Exact copy, pictures excluded: write out every line below.

DATA EXTRACT –
=== Begin Enclosure ===

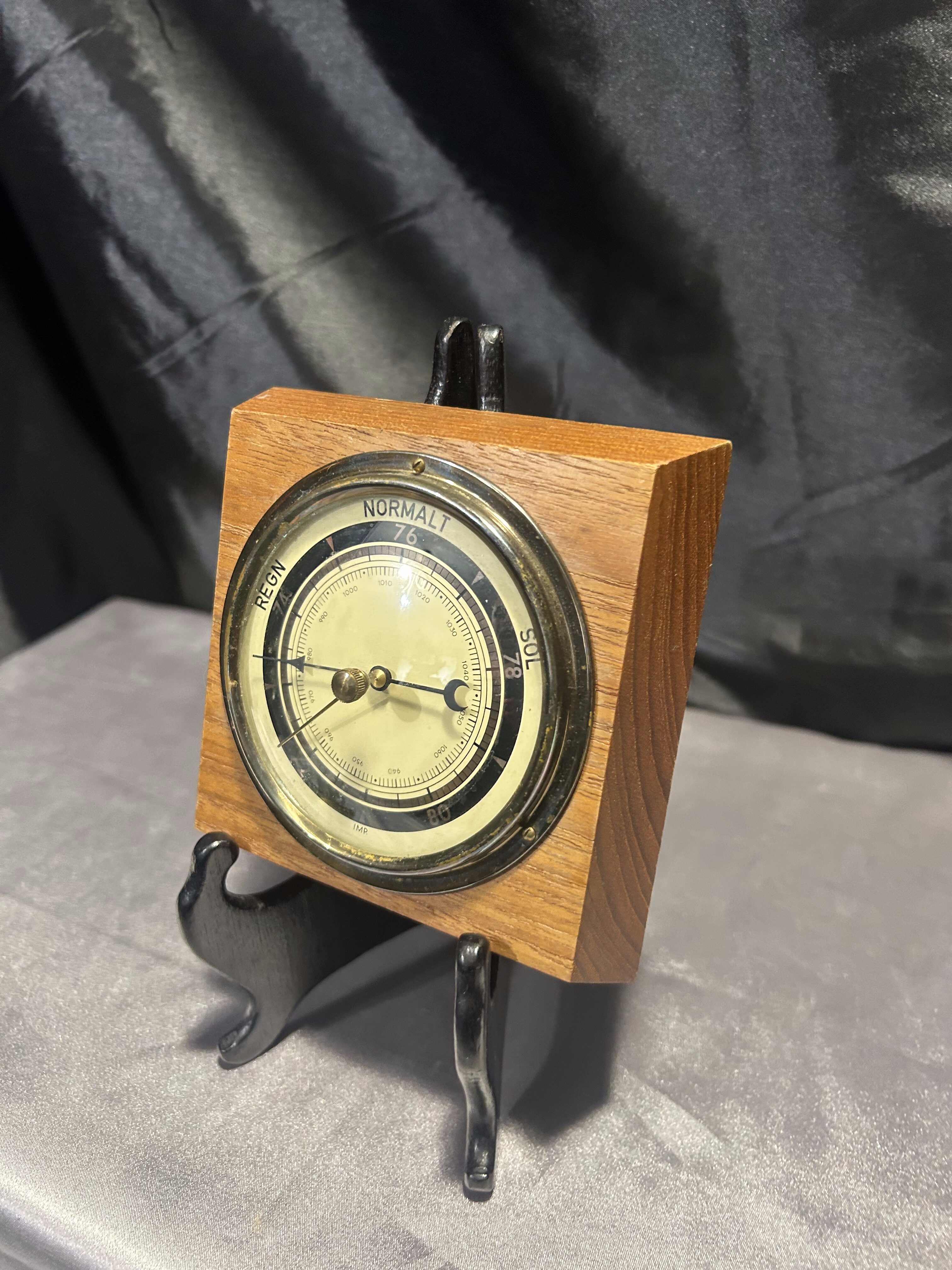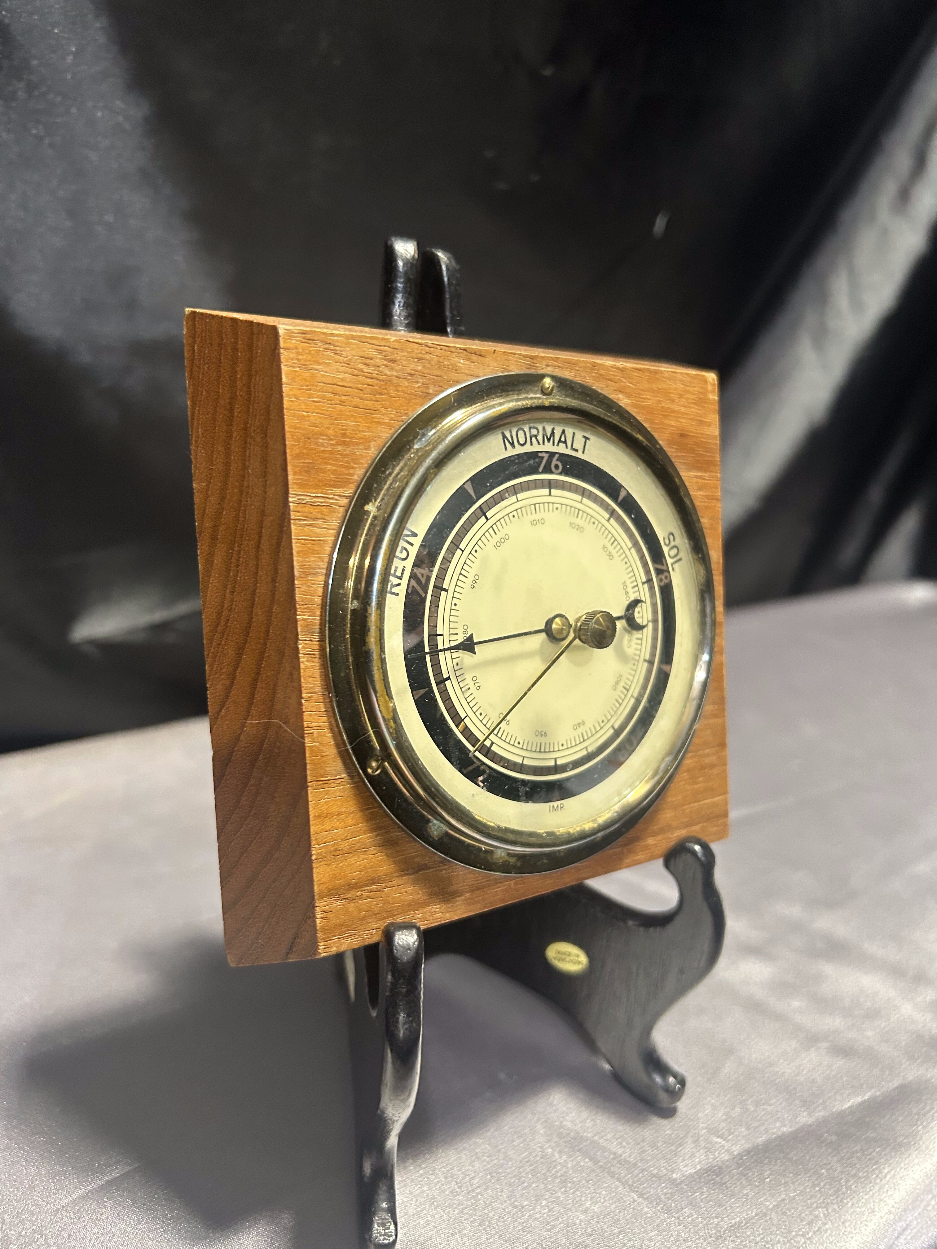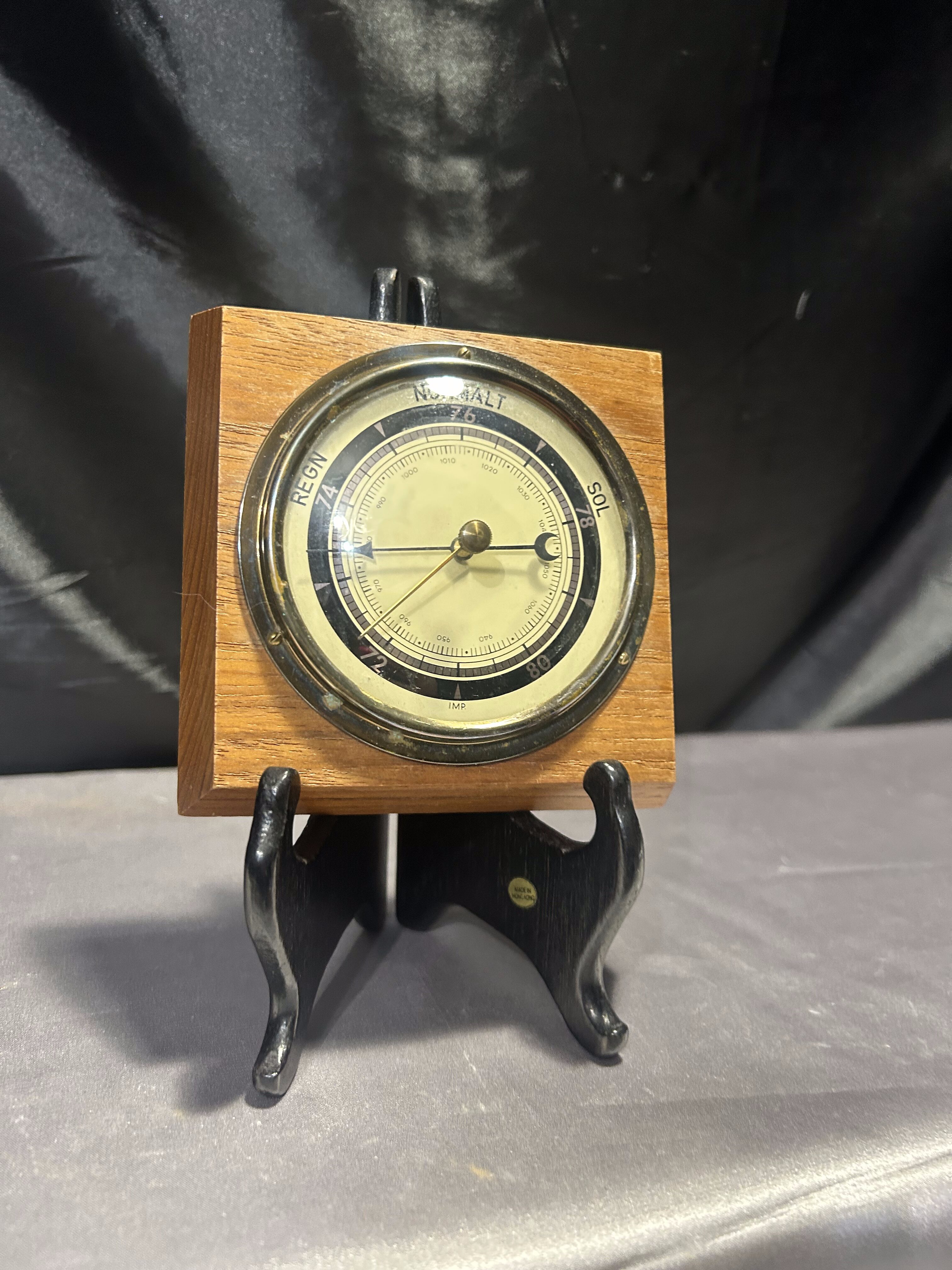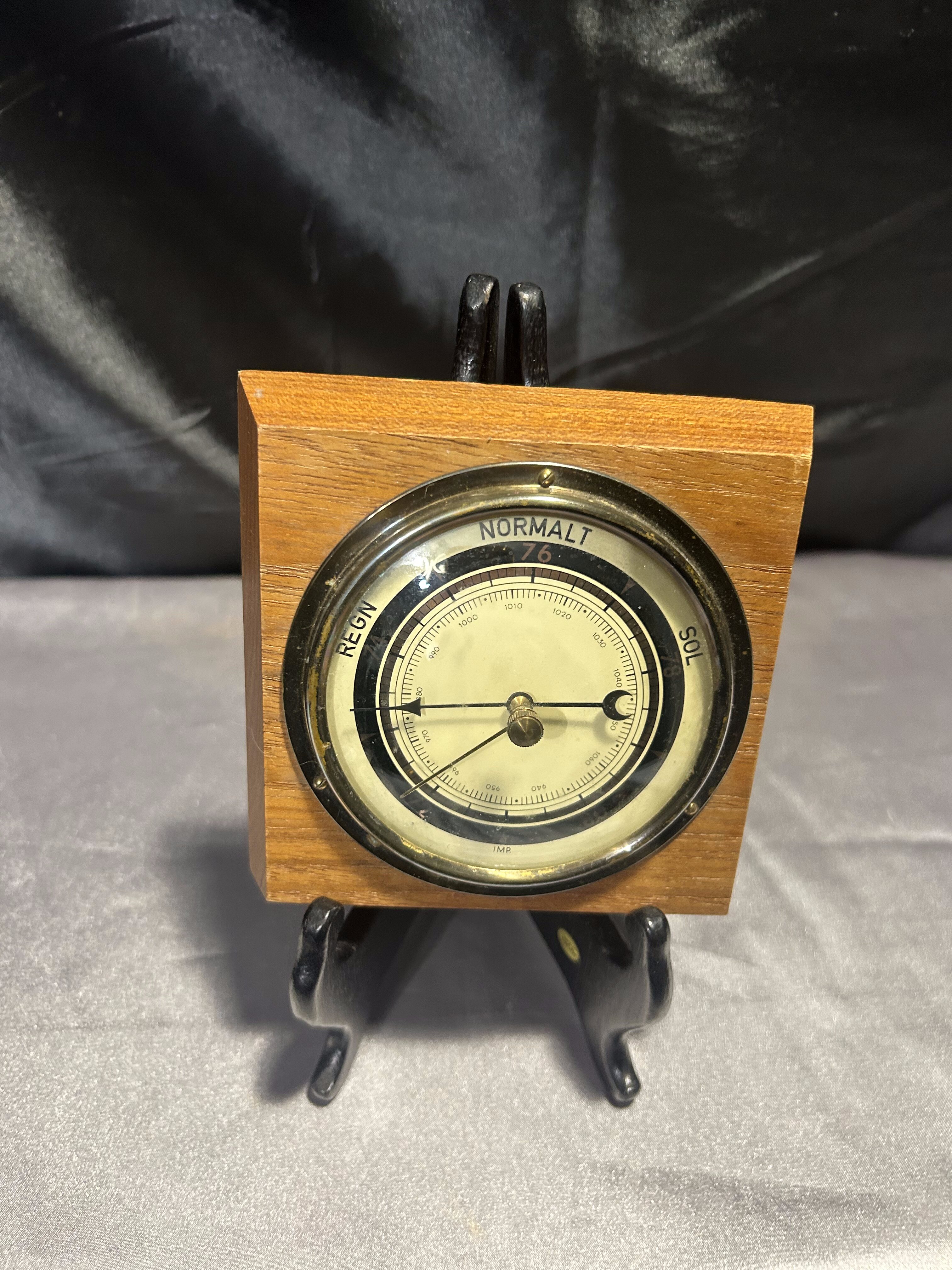 Barometr okrągły – W kwadratowej drewnianej oprawie – Klasyczna forma
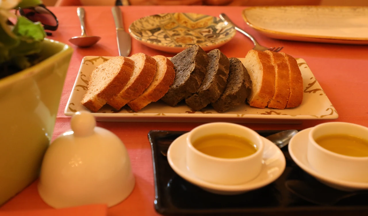 앙증맞은 뚜껑의 하얀 올리브 오일 그릇과 세 종류의 식전빵 맛은 이미 그곳의 음식이 훌륭할 거라는 기대감을 높이기에 충분했다.
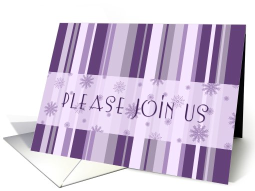 Christmas Office Party Invitation Card - Purple Stripes and Snowflakes
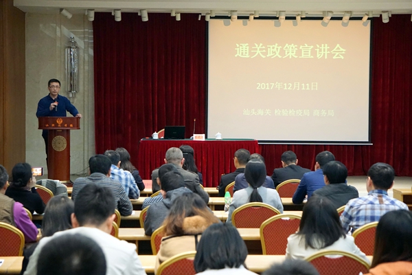 为响应汕头市委市政府的号召,进一步宣传、推进进出口各项业务改革,做好外经贸企业通关业务政策指导,释放红利,惠及企业,促进我市外贸回稳向好,汕头海关、汕头检验检疫局联合汕头市商务局于12月11日下午在汕头市迎宾馆举办了通关政策宣讲会,会议由汕头市商务局副局长赵斌主持,各区(县)商务主管部门有关负责人和130多家外经贸企业代表参加了此次宣讲会。

=== End Enclosure ===

YOUR SOLUTION –
 Barometr okrągły – W kwadratowej drewnianej oprawie – Klasyczna forma
 앙증맞은 뚜껑의 하얀 올리브 오일 그릇과 세 종류의 식전빵 맛은 이미 그곳의 음식이 훌륭할 거라는 기대감을 높이기에 충분했다.
 Christmas Office Party Invitation Card - Purple Stripes and Snowflakes
 为响应汕头市委市政府的号召,进一步宣传、推进进出口各项业务改革,做好外经贸企业通关业务政策指导,释放红利,惠及企业,促进我市外贸回稳向好,汕头海关、汕头检验检疫局联合汕头市商务局于12月11日下午在汕头市迎宾馆举办了通关政策宣讲会,会议由汕头市商务局副局长赵斌主持,各区(县)商务主管部门有关负责人和130多家外经贸企业代表参加了此次宣讲会。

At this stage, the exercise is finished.